Ilse Kappelle

Personal information
- Full name: Ilse Maartje Willemijn Kappelle
- Born: 13 May 1998 (age 28) Amstelveen, Netherlands

Sport
- Sport: Field hockey
- Position: Defence/Midfield
- Club: Amsterdam

National team
- Years: Team / Caps / Goals
- 2016–2019: Netherlands U–21 / 12 / (2)
- 2020–: Netherlands / 15 / (0)

Medal record
Women's field hockey
Representing Netherlands
European Championship
| Gold medal – first place | 2021 Amstelveen |  |
Junior World Cup
| Silver medal – second place | 2016 Santiago |  |
EuroHockey Junior Championship
| Silver medal – second place | 2019 Valencia |  |

= Ilse Kappelle =

Dutch field hockey player

Ilse Kappelle (born 13 May 1998) is a field hockey player from the Netherlands, who plays as a defender and midfielder.

==Personal life==
Ilse Kappelle was born in Amstelveen and raised in Nijmegen, Netherlands.

==Career==
===Club hockey===
In the Dutch Hoofdklasse, Kappelle plays club hockey for Amsterdam.

===National teams===
====Under–21====
Kappelle made her debut for the Netherlands U–21 side in 2016 at the Junior World Cup in Santiago, Chile. At the tournament, Kappelle scored two goals, and helped the team to a silver medal finish, losing in the final to Argentina.
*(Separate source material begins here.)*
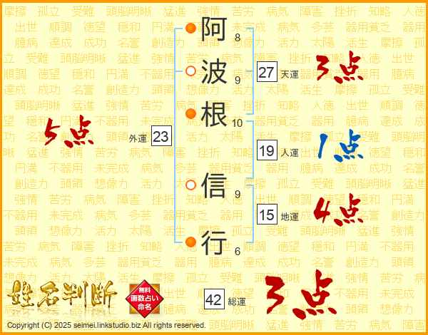 阿波根信行さんの天運は27画の3点!
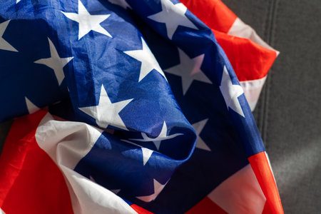 Close-up american flag, USA flag background with copy space. Top view

In 2019, Kappelle made her second and final appearance for the Under–21 team at the EuroHockey Junior Championship in Valencia, Spain. Kappelle was captain of the team, which finished second after losing the final in a penalty shoot-out against Spain.

====Oranje Dames====
Kappelle was named in the Netherlands senior squad for the first time in 2019, and was set to make her debut in 2020.